▶ [Goal of the exercise]
Reproduce the entries beneath exactly, without their images.
Data supplied below:
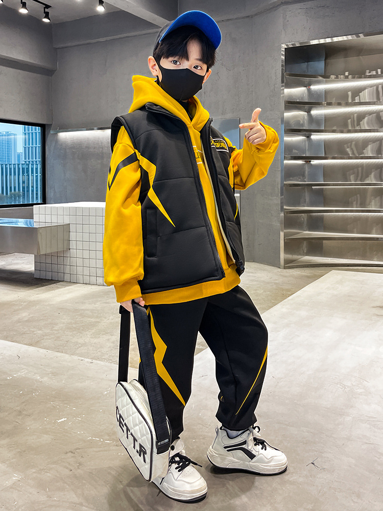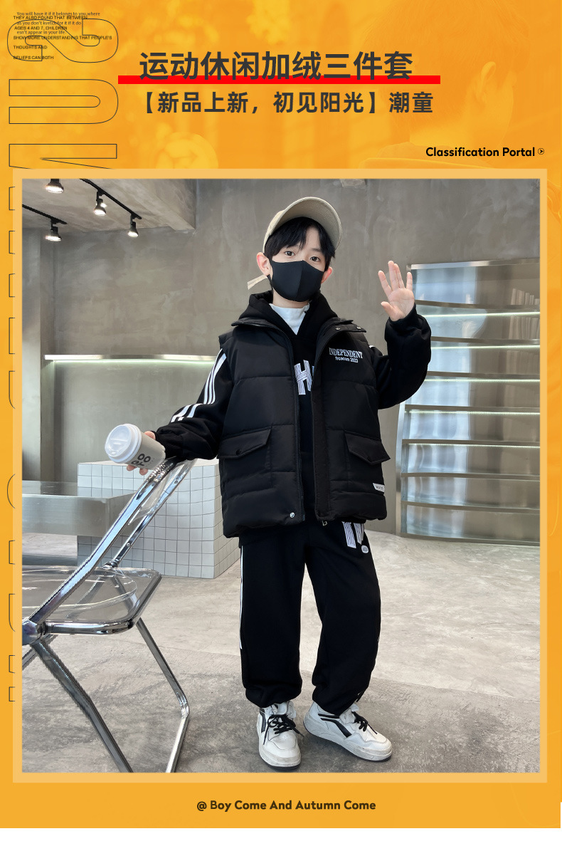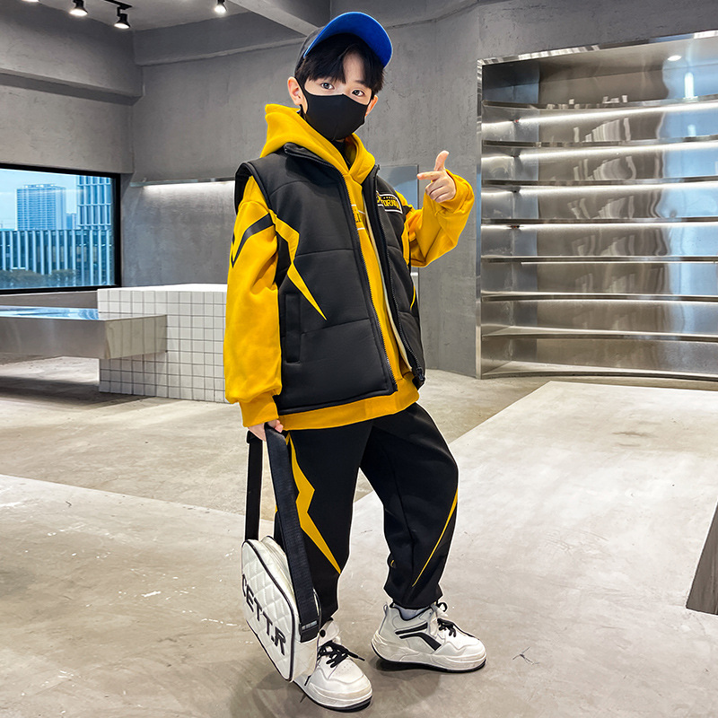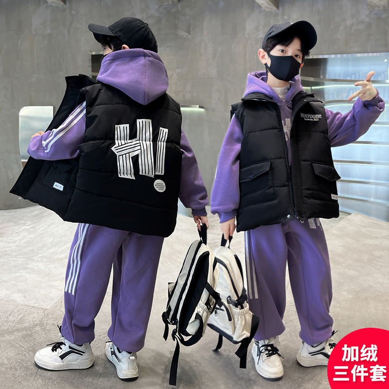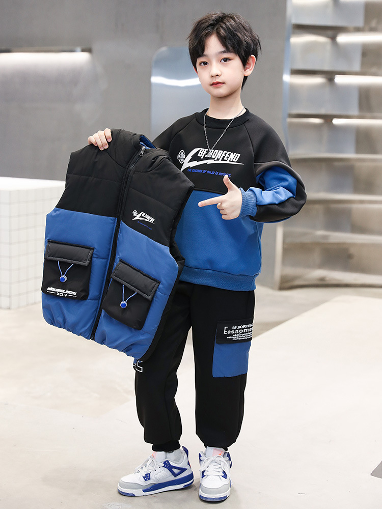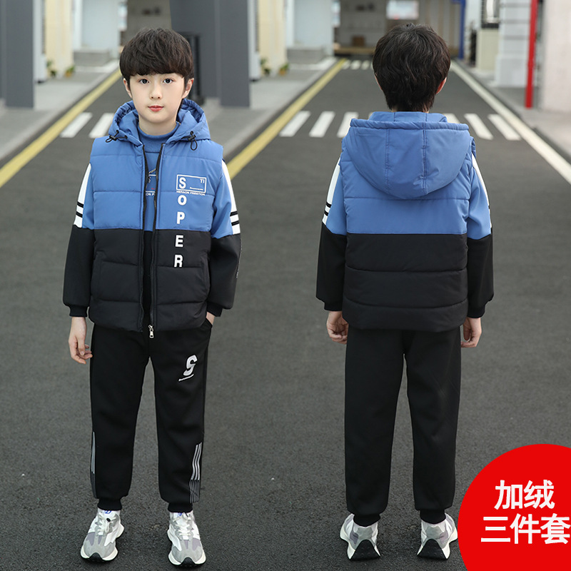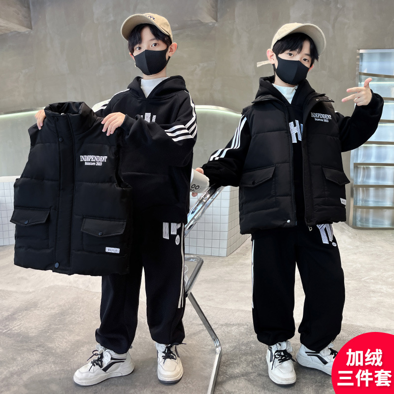 新款男童秋冬款套装中大儿童男孩休闲冬季加绒加厚闪电马甲三件套
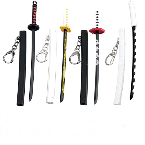 ixampoun 4ps Mini Toy Katana Keychain, Metal Model Sword With Pull Out Best Gift For Anime Lovers Samurai Sword Game Series Sword Party Supplies Gift Keychain for Anime Fans
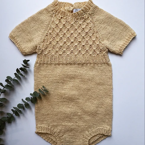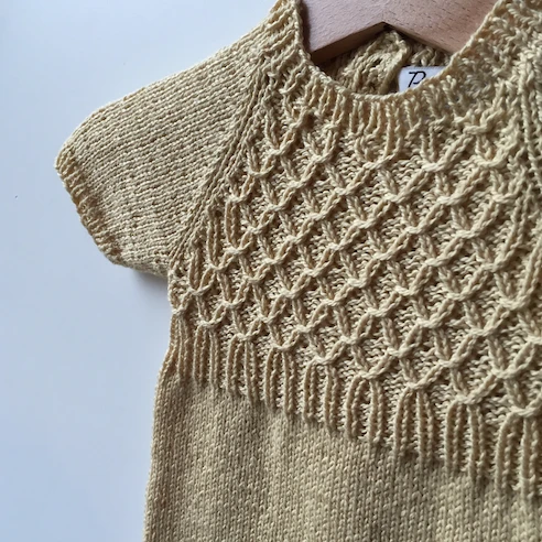 Milla’s Summer Suit is inspired by the 1950’s knits for kids, where the yoke was often worked in smocking st. The suit can easily be worn with leggings and a knit cardigan. Milla’s Summer Suit is worked bottom up and the fit is snug.
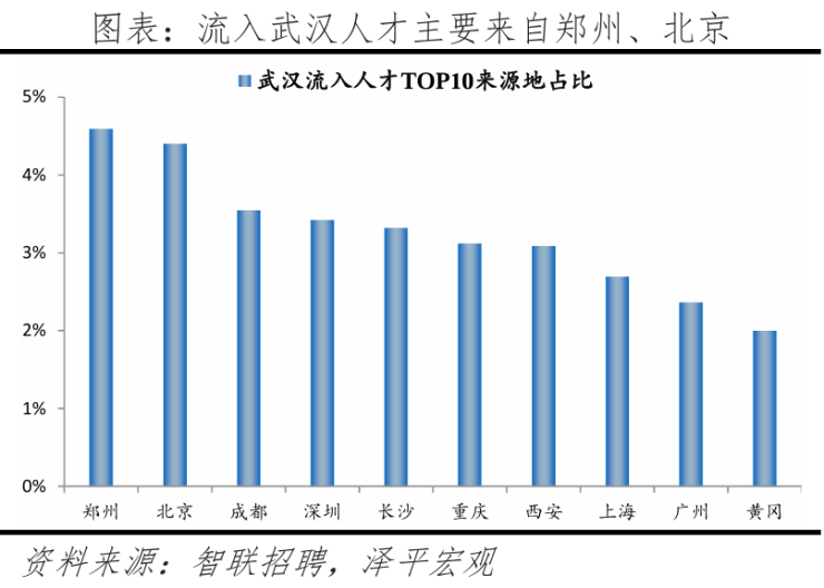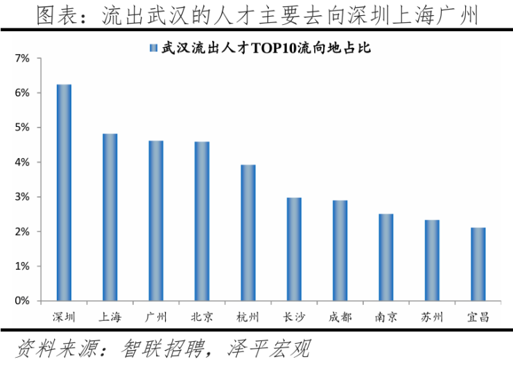 从来源看,人才流向武汉的前十大城市合计占比达32.5%,低于2023年的36.9%,人才来源地更广泛,人才来自郑州的最多,占比4.6%。人才流入武汉主要因为2017年开始实施“百万大学生留汉创业就业工程”吸引毕业生。2021年成立人才集团有限公司,专门为城市引进人才,并且武汉继续放宽落户条件,接近“零门槛”,落户开放度在国家中心城市中最大。2024年锚定“新质”荐新才,启动英才计划集中举荐等,吸引各类人才来汉就业创业。此外,作为在校大学生数量全国第三的城市,武汉留汉人才明显增加。7-8年间,留汉就业创业的大学生已超过200万,近年持续超额完成“学子留汉”工程计划(每年10万人)。从去向看,武汉人才流向的前十大城市合计占比达37%,低于2023年的39.7%。其中,前往深圳、上海、广州占比较大,分别为6.2%、4.8%、4.6%。
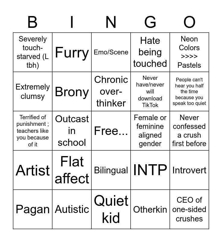 This bingo card has a free space and 24 words: Flat affect, Autistic, Chronic over-thinker, Pagan, Neon Colors >>>> Pastels, Severely touch-starved (L tbh), Extremely clumsy, Furry, Female or feminine aligned gender, Bilingual, Never have/never will download TikTok, Terrified of punishment ; teachers like you because of it, INTP, Introvert, Brony, Otherkin, Never confessed a crush first before, Emo/Scene, People can't hear you half the time because you speak too quiet, Outcast in school, CEO of one-sided crushes, Artist, Hate being touched and Quiet kid.
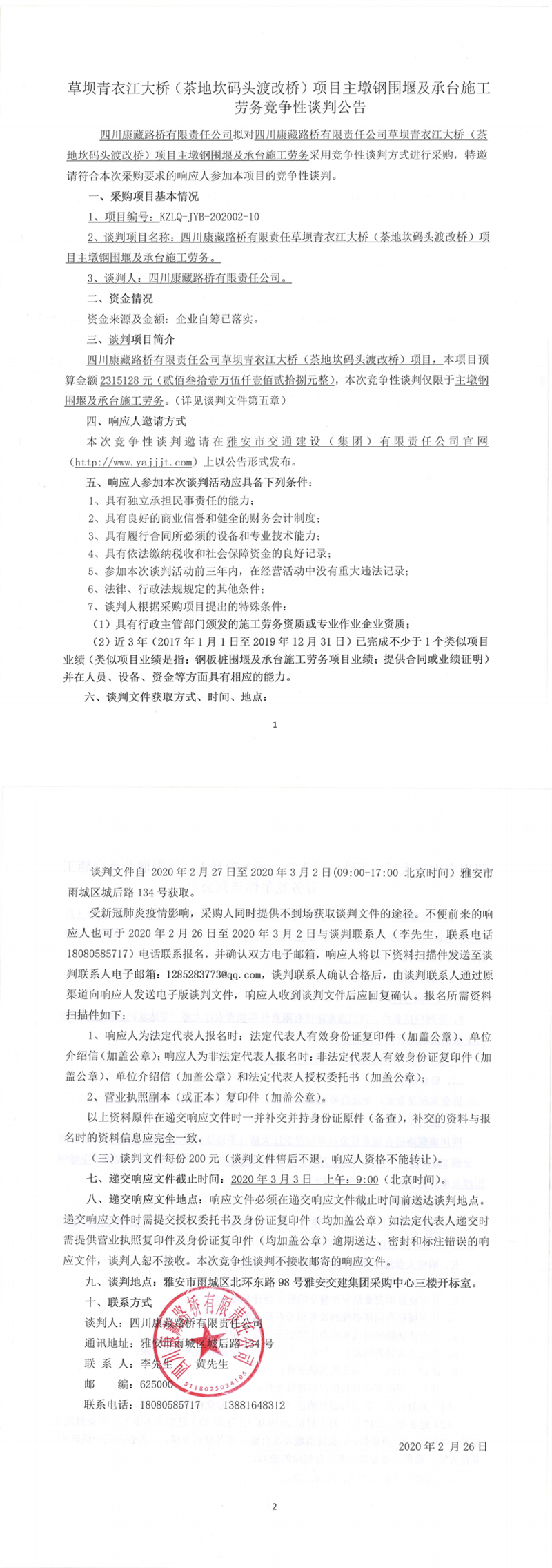 四川康藏路橋有限責(zé)任公司草壩青衣江大橋(茶地坎碼頭渡改橋)項(xiàng)目主墩鋼圍堰及承臺(tái)施工勞務(wù)競(jìng)爭(zhēng)性談判公告
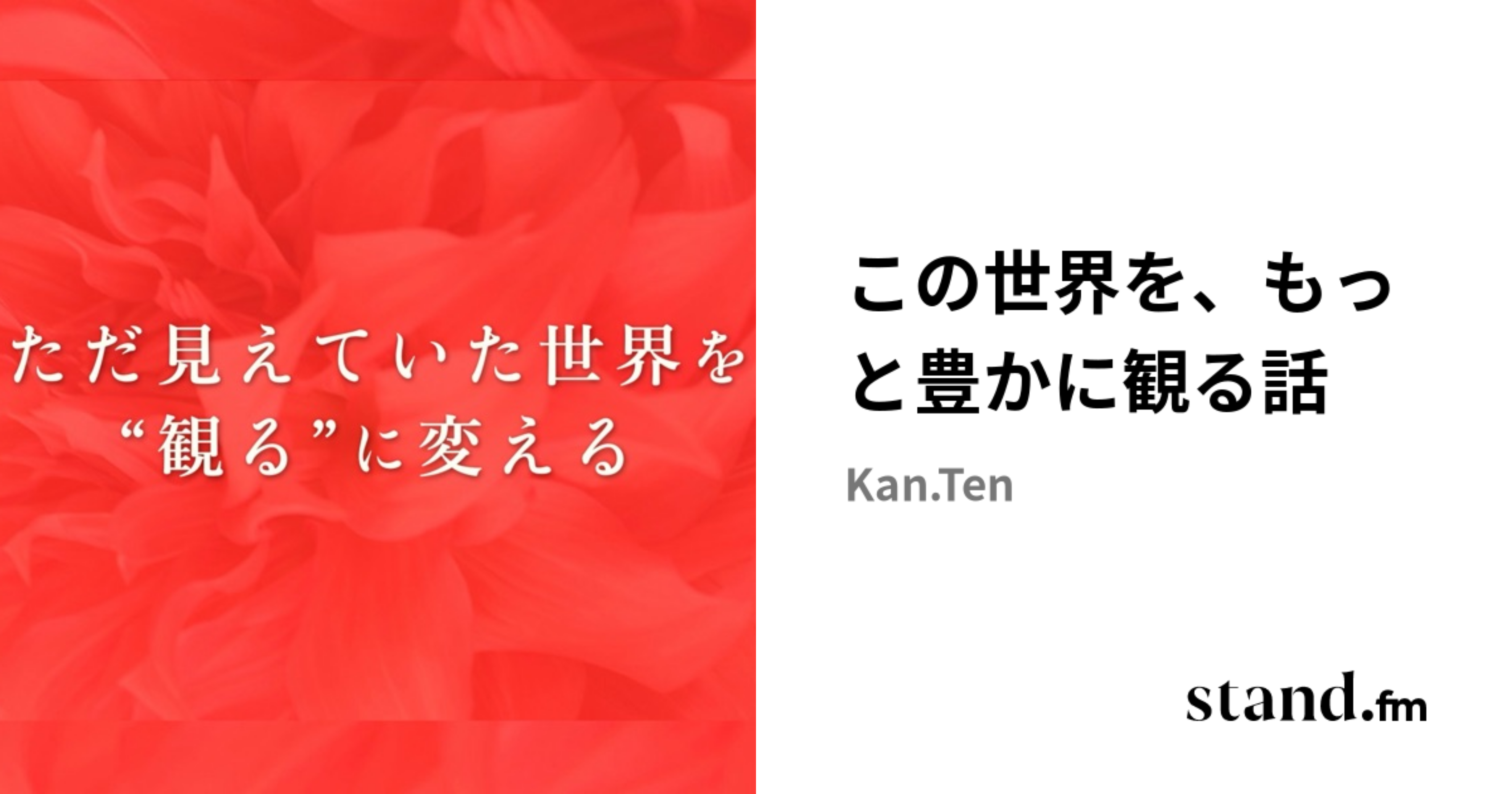 この世界を、もっと豊かに観る話 | stand.fmただ見えていた世界を、観るに変える。 note │ Hazama https://note.com/hazama_o3 この世界を つくっている構造に、触れていく。 そこに、 根源的な豊かさが そのまま在る。stand.fm
End of Data supplied.
▶ [Result of this task]
 新款男童秋冬款套装中大儿童男孩休闲冬季加绒加厚闪电马甲三件套
 ixampoun 4ps Mini Toy Katana Keychain, Metal Model Sword With Pull Out Best Gift For Anime Lovers Samurai Sword Game Series Sword Party Supplies Gift Keychain for Anime Fans
 Milla’s Summer Suit is inspired by the 1950’s knits for kids, where the yoke was often worked in smocking st. The suit can easily be worn with leggings and a knit cardigan. Milla’s Summer Suit is worked bottom up and the fit is snug.
 从来源看,人才流向武汉的前十大城市合计占比达32.5%,低于2023年的36.9%,人才来源地更广泛,人才来自郑州的最多,占比4.6%。人才流入武汉主要因为2017年开始实施“百万大学生留汉创业就业工程”吸引毕业生。2021年成立人才集团有限公司,专门为城市引进人才,并且武汉继续放宽落户条件,接近“零门槛”,落户开放度在国家中心城市中最大。2024年锚定“新质”荐新才,启动英才计划集中举荐等,吸引各类人才来汉就业创业。此外,作为在校大学生数量全国第三的城市,武汉留汉人才明显增加。7-8年间,留汉就业创业的大学生已超过200万,近年持续超额完成“学子留汉”工程计划(每年10万人)。从去向看,武汉人才流向的前十大城市合计占比达37%,低于2023年的39.7%。其中,前往深圳、上海、广州占比较大,分别为6.2%、4.8%、4.6%。
 This bingo card has a free space and 24 words: Flat affect, Autistic, Chronic over-thinker, Pagan, Neon Colors >>>> Pastels, Severely touch-starved (L tbh), Extremely clumsy, Furry, Female or feminine aligned gender, Bilingual, Never have/never will download TikTok, Terrified of punishment ; teachers like you because of it, INTP, Introvert, Brony, Otherkin, Never confessed a crush first before, Emo/Scene, People can't hear you half the time because you speak too quiet, Outcast in school, CEO of one-sided crushes, Artist, Hate being touched and Quiet kid.
 四川康藏路橋有限責(zé)任公司草壩青衣江大橋(茶地坎碼頭渡改橋)項(xiàng)目主墩鋼圍堰及承臺(tái)施工勞務(wù)競(jìng)爭(zhēng)性談判公告
 この世界を、もっと豊かに観る話 | stand.fmただ見えていた世界を、観るに変える。 note │ Hazama https://note.com/hazama_o3 この世界を つくっている構造に、触れていく。 そこに、 根源的な豊かさが そのまま在る。stand.fm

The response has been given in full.